Bau des Turms XIIIe siècle (≈ 1350)
Mittelalterlicher Kern der heutigen Burg.
1620–1640
Gründung der Ritterhalle
Gründung der Ritterhalle 1620–1640 (≈ 1630)
Gemälde des Großen Sees von Malta.
XVIIe siècle
Zusatz von runden Türmen und Dach
Zusatz von runden Türmen und Dach XVIIe siècle (≈ 1750)
Transformation in klassischen Stil und Park.
1850
Bau von Gemeinden
Bau von Gemeinden 1850 (≈ 1850)
Erweiterung des Anwesens.
20 février 1980
Historisches Denkmal
Historisches Denkmal 20 février 1980 (≈ 1980)
Schutz von Fassaden und Innendekorationen.
Aujourd'hui
Aujourd'hui
Aujourd'hui Aujourd'hui (≈ 2025)
Position de référence.
Kennzahlen
Jean-Bertrand de Luppé - Ritter des Malteserordens
Commander der Knights Hall.
Matteo Pérez d'Aleccio - Italienischer Maler
Autor der ursprünglichen Fresken in Malta.
Ursprung und Geschichte
Das Schloss von Lacassagne, in Saint-Avit-Frandat in Gers gelegen, ist ein Denkmal, dessen Bau vom 13. bis 19. Jahrhundert erstreckte. Es zeichnet sich durch eine zusammengesetzte Architektur aus, die einen mittelalterlichen Turmraum, Renaissance und klassische Ergänzungen (Rundtürme, Mansart Dach) und einen Flügel aus dem 19. Jahrhundert kombiniert. Der im 17. Jahrhundert geschaffene englische Park vervollständigt das Ensemble, das 1980 als historisches Denkmal für seine Fassaden, Dächer und die Halle der Ritter von Malta eingestuft wurde.

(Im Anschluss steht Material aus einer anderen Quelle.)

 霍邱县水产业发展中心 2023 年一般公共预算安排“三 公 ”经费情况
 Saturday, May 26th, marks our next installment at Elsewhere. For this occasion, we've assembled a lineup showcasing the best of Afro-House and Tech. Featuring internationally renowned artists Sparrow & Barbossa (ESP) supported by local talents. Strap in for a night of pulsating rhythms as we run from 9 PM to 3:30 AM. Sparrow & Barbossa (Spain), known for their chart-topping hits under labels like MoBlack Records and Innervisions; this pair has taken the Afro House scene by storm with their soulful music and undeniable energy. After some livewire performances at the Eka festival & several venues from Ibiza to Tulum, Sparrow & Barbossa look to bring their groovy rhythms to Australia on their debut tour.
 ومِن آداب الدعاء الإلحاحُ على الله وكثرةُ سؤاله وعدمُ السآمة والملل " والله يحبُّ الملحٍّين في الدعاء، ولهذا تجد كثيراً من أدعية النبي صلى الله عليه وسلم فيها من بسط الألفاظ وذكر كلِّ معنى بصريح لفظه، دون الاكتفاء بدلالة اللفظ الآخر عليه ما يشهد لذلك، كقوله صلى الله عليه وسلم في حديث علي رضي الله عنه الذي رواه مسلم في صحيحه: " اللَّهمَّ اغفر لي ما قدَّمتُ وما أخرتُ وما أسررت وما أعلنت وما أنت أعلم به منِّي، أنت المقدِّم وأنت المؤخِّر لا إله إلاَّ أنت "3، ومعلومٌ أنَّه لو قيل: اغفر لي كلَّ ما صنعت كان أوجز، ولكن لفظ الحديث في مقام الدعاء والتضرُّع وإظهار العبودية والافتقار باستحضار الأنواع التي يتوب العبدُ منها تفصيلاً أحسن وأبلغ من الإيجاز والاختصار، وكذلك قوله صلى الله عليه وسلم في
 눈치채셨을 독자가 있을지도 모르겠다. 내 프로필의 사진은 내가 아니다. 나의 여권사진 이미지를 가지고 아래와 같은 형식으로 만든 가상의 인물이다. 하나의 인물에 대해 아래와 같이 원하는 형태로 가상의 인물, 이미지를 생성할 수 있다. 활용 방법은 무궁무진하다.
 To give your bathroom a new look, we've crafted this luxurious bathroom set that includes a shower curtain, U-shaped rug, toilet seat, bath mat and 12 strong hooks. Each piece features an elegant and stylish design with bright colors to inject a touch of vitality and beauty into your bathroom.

Das Hauptstück des Schlosses ist die teilweise Reproduktion des Rathauses der großen Meister der Ordnung des Johannes von Jerusalem, ursprünglich in La Valette (Malta). Hergestellt zwischen 1620 und 1640 von Jean-Bertrand de Luppé, Ritter des Ordens und Eigentümer der Räumlichkeiten, beherbergt dieses Zimmer vierzehn Leinwand illustriert den Großen Stuhl von Malta (1565) und ein Porträt seines Sponsors. Obwohl nicht identisch mit dem ursprünglichen Malteser – während des Zweiten Weltkriegs beschädigt –, bietet es ein einzigartiges Zeugnis dieses Bildzyklus, der von italienischen Künstlern nach den Fresken von Matteo Pérez d'Aleccio aufgeführt wird.

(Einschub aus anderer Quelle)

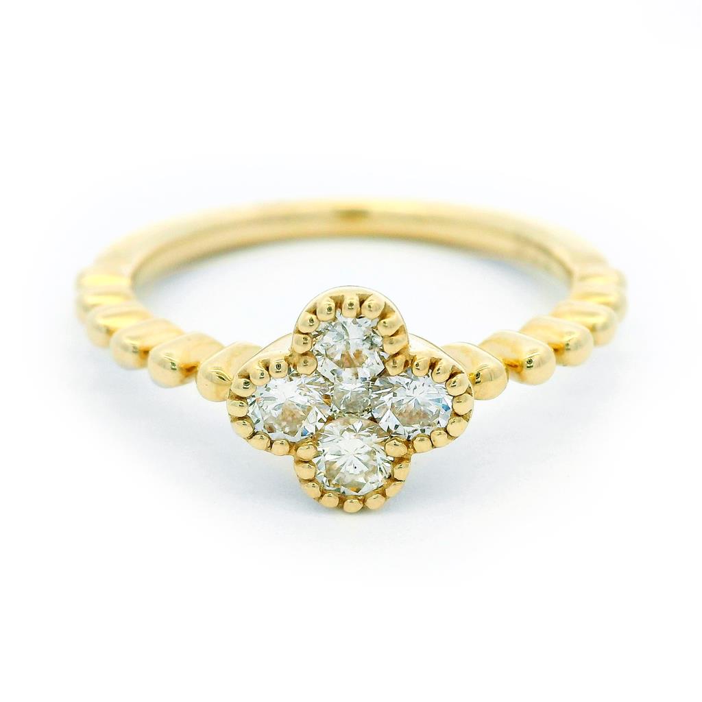 14K Yellow Gold Flower Natural Diamonds Ring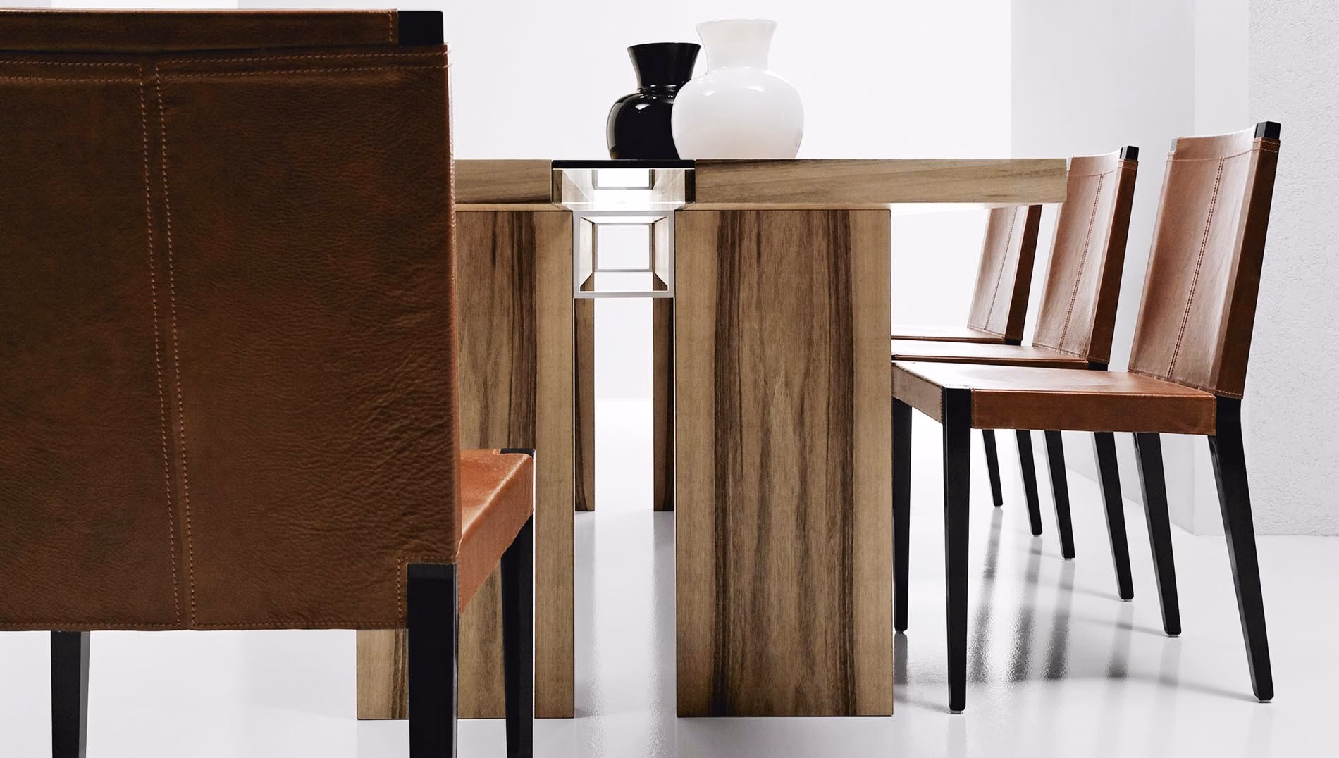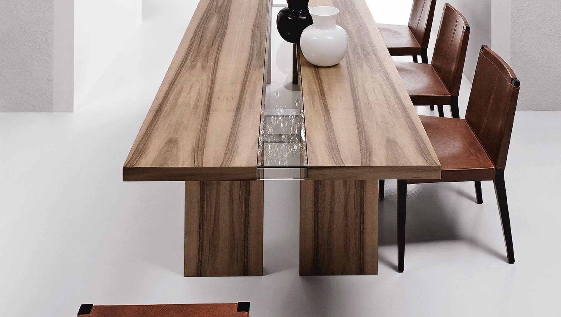 Rectangular table in European walnut, American walnut, oakwood heat-treated and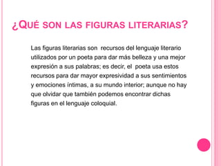 Este documento define y explica varias figuras literarias como la alegoría, metáfora, sinécdoque, metonimia, hipérbole y otras. Explica que las figuras literarias son recursos del lenguaje que los poetas usan para dar más belleza y expresividad a sus palabras. Luego describe diferentes tipos de figuras literarias como las fonológicas, semánticas, pragmáticas y descriptivas, dando ejemplos de cada una.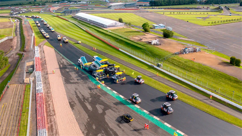在某些情況下,還需要在賽道的指定區(qū)域內(nèi)調(diào)整坡度,這就涉及到銑刨面層,如果有必要還可能需要銑刨粘結(jié)層,隨后使用福格勒攤鋪機(jī)和悍馬壓路機(jī)對新瀝青層進(jìn)行鋪設(shè)和壓實(shí)。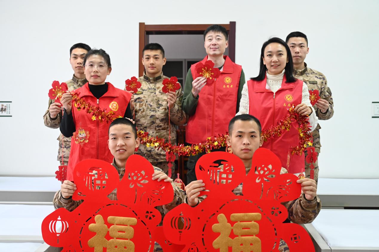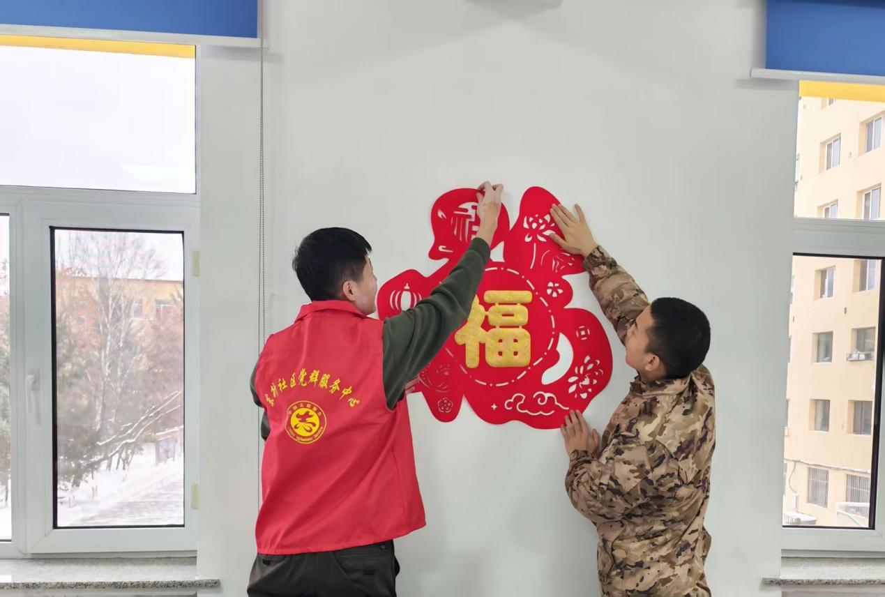 在营区内,东升镇东升社区党群服务中心为官兵们送上了福字、拉花等氛围装饰品,表达了对官兵们温暖的新年祝福。工作人员和官兵们一起贴福字、挂装饰、拉彩带……大家共同精心布置,营造出浓浓的“年味”,增添了新春的喜庆,让官兵们在军营感受到家的温暖。

Der Name Lacassagne stammt aus dem Cassanha Gascon ("chênaie"), der die lokale Landschaft widerspiegelt. Das Schloss, das seit 1582 in der Familie von Luppé geblieben ist, zeigt den Einfluss der Ritter von Malta in Gascony. Die Knights' Hall mit geschnitzten Holzarbeiten, Leinwand und Patronen, die Malta vertreten, ist ein seltenes dekoratives Ensemble in Frankreich. Die Commons und Orangerie, datiert 1850, vervollständigen diese Domäne, deren Geschichte sich sieben Jahrhunderte erstreckt.
Der dokumentarische Wert von Lacassagne liegt in seiner teilweisen Reproduktion des Zyklus von d'Aleccio, anders in Malta oder in anderen Kopien (wie dem Greenwich Museum). Unterschiede mit dem Original – wie z.B. das Hinzufügen eines Blickes auf Valletta von maltesischen Fresken – schlagen eine lokale Anpassung der Modelle vor, die der Künstler im 16. Jahrhundert graviert hat. Diese Burg bezeugt somit den kulturellen Austausch zwischen Biscay, Malta und Italien in der modernen Zeit.